2 CSS algorithm for clustering

In this section, CSS algorithm is explained to solve the clustering problem. The aim of this algorithm is to find out the optimal cluster points to assign \(N\) numbers of items to \(K\) cluster centers in \(R^{n}\). In CSS algorithm, the sum of square of Euclidean distances is taken as the objective function for clustering problem and items are assigned to a cluster center with minimized Euclidean distance among cluster centers. The algorithm starts with defining the initial position and velocities of \(K\) number of charged particles (CPs). The initial positions of CPs are defined in a random manner. In CSS algorithm, CPs are assumed to be a charged sphere of radius ‘\(a\)’ and its initial velocity is set to zero. Thus, the algorithm starts with randomly defined center points and ends with optimal cluster centers. Consider Table 1 which illustrates a dataset, used to explain the working of CSS algorithm for clustering with \(N=10\), \(n=4\) and the number cluster centers \(K = 3\). To obtain the optimal cluster centers, the CPs use resultant electric force (attracting force vector), mass and moving probability of particles and cluster centers. After the first iteration, the velocities of CPs are determined and locations of CPs are also moved. The objective function is calculated again using the new positions of CPs and also compared with the old CPs position that are stored in memory pool, called as charged memory (CM). The CM is now updated with the new positions of CPs and excludes the worst CPs from CM. As the algorithm grows, the positions of CPs are updated along with the content in CM. This process progresses until the maximum iteration or no better position of CPs has been generated.

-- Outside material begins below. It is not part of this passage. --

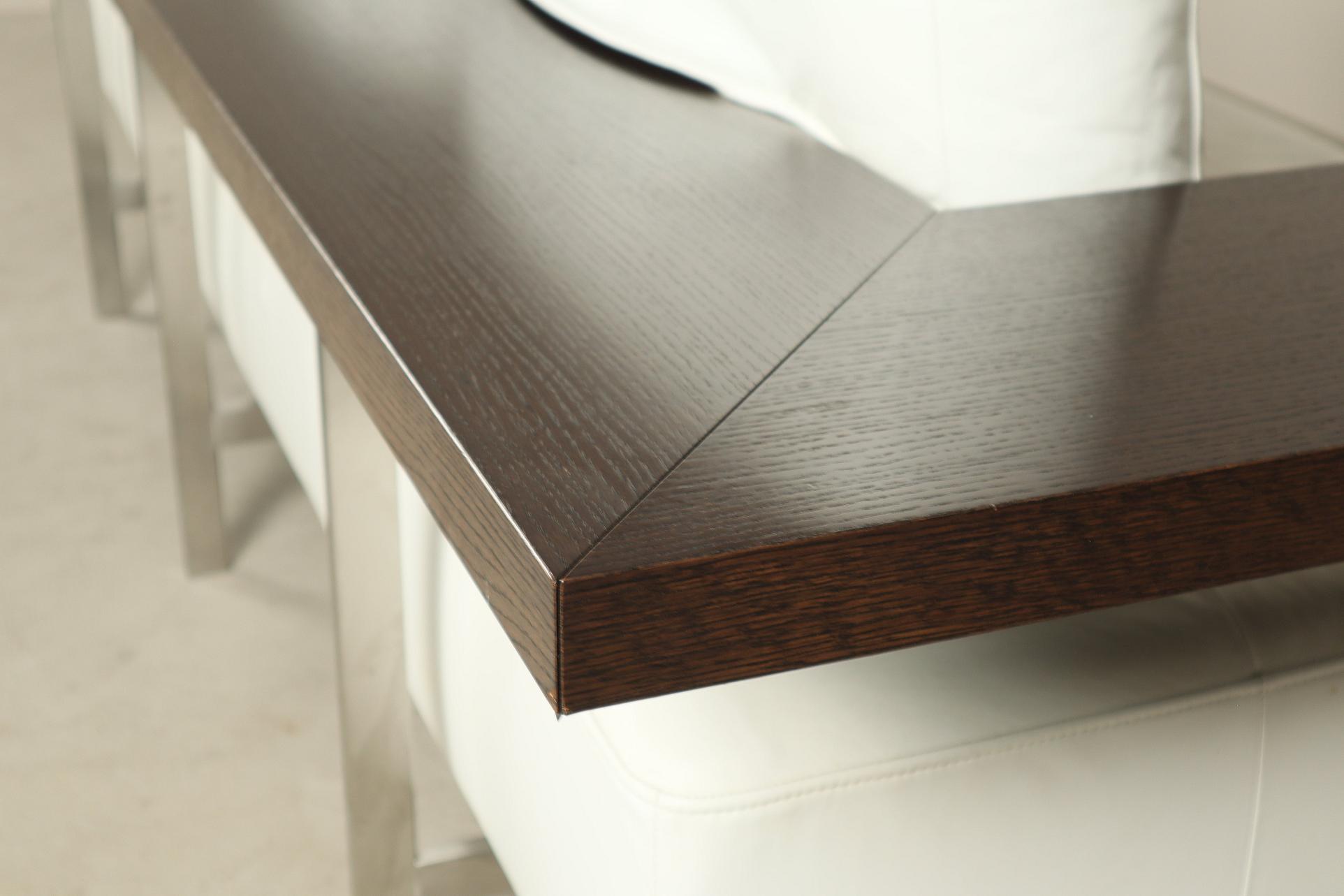 The piece is defined by its striking architectural frame with wide veneered wooden shelves that extend along the back and sides, resting on brushed stainless steel supports. The loose back cushions are positioned against the shelf, creating a light and open silhouette while offering flexible arrangement.
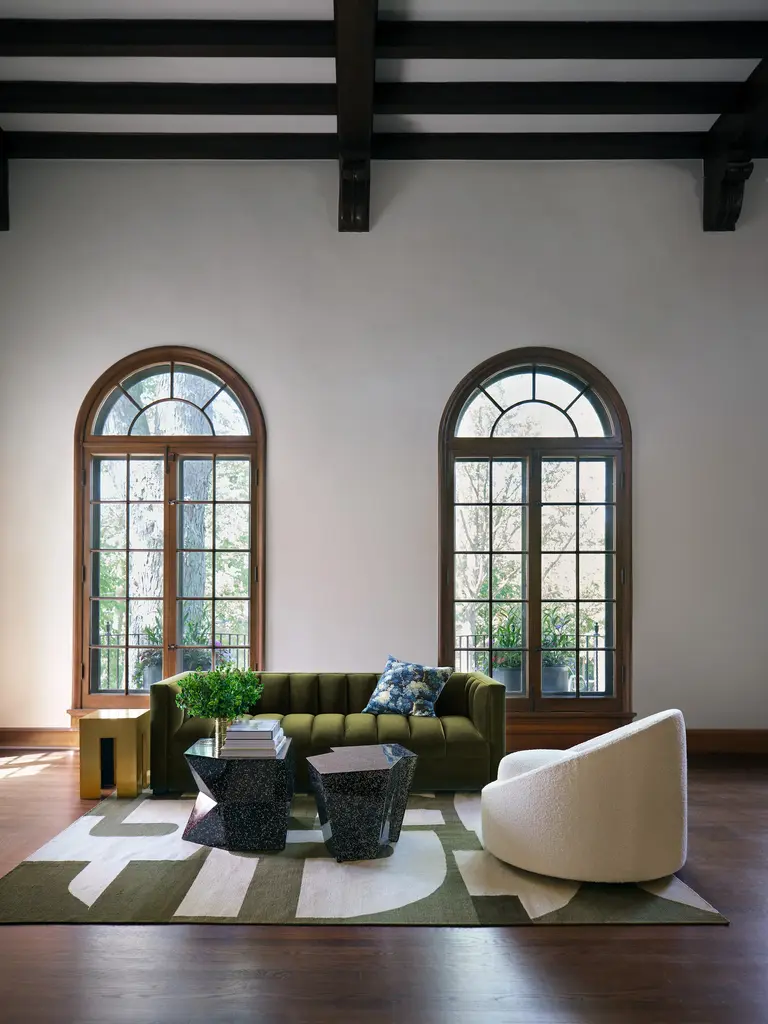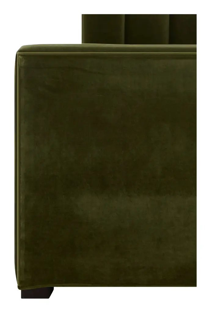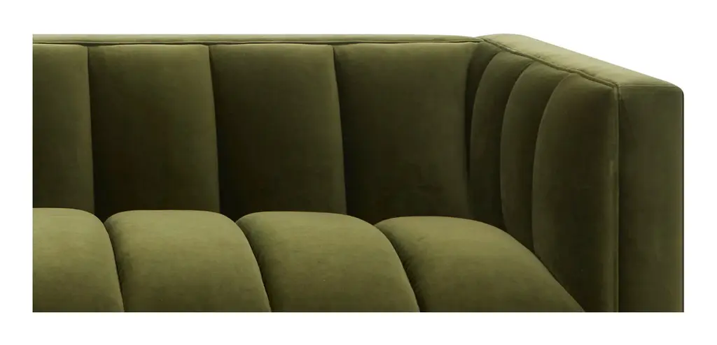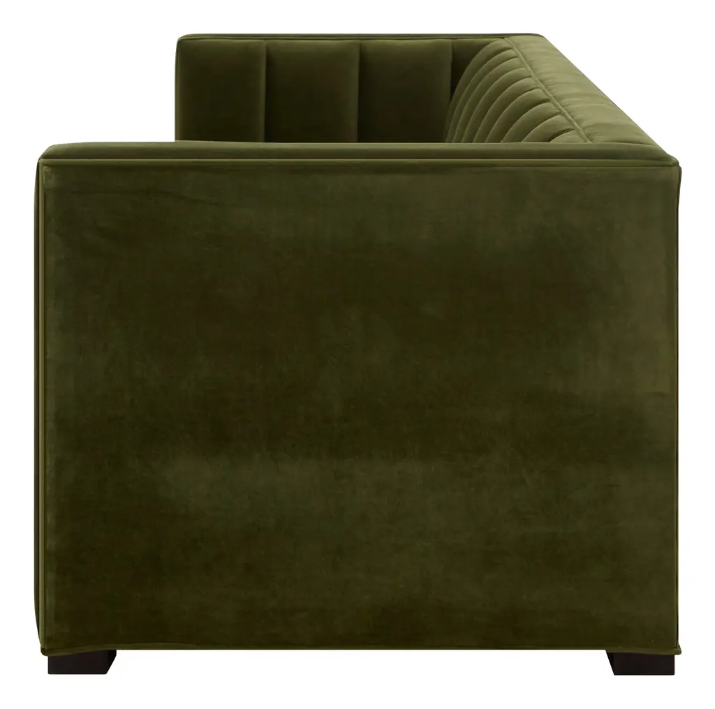 Give your space a dose of chic sophistication with our Bryne Sofa. An updated take on the classic tuxedo-style frame, this enveloping sofa pairs a sleek, squared-off silhouette with rows of channel tufting and chunky recessed legs. Along with these good looks, it also sits comfortably thanks to its soft yet supportive bench seat, low-lying back and high, sheltering armrests. Perfect as an anchor piece in a cozy, modern living room, we also love it dressed up with luxe pillows in the sitting room. As Shown •upholstered in vance jade velvet •fabric content: 100% cotton•espresso wood finish•channel tufting•sustainable construction•custom options available •made in the USA Dimensions •89.75"W x 34"D x 28.5"H•seat width: 76"•seat depth: 24.5"•seat height: 18.25"

Table 1 A dataset to explain the CSS algorithm for clustering with \(N=10\), \(n=4\) and \(K=3\)

2.1 Algorithm details

As described earlier, the algorithm starts with the identification of the initial positions and velocities of CPs in random fashion. Thus, to identify the initial positions of randomly defined CPs (cluster centers), the given equation has been used to initialize the CPs position in original CSS. The modified equation can be given as.

$$\begin{aligned} C_k&= X_{\min ,i} +r_i \times ( {X_{i,\max } -X_{i,\min } }), \nonumber \\&\hbox {where } i=1,2 \ldots , n \hbox { and } k=1,2 \ldots , K \end{aligned}$$
(1)

In the above equation, \(C_{k}\) represents the number of cluster centers, \({r}_{i}\) is a random function whose values lies between 0 and 1, \(X_{\mathrm{min}, i}\) and \(X_{\mathrm{max}, i}\) represent the minimum value and maximum value of the \(i\)th attribute of dataset; \(K\) is the total number of cluster centers in a dataset. The initial positions of CPs are given in Table 2.

Table 2 Initial position of CPs using equation 1

It is assumed that the initial velocities of CPs are set to zero.

$$\begin{aligned} V_k =0, \quad k=1,2,3,\ldots , K \end{aligned}$$
(2)

In CSS algorithm, it is noted that the CPs are described as charged spheres. So, every CP contains some mass, and mass of each CP is calculated using the following equation.

$$\begin{aligned} m_k =\frac{\hbox {fit}(k)-\hbox {fit}({\hbox {worst}})}{\hbox {fit}({\hbox {best}})-\hbox {fit}({\hbox {worst}})} \end{aligned}$$
(3)

where fit(\(k\)) represents the fitness of \(k\)th instance of dataset, fit (best) represents the best fitness value and fit (worst) represents worst fitness value of dataset.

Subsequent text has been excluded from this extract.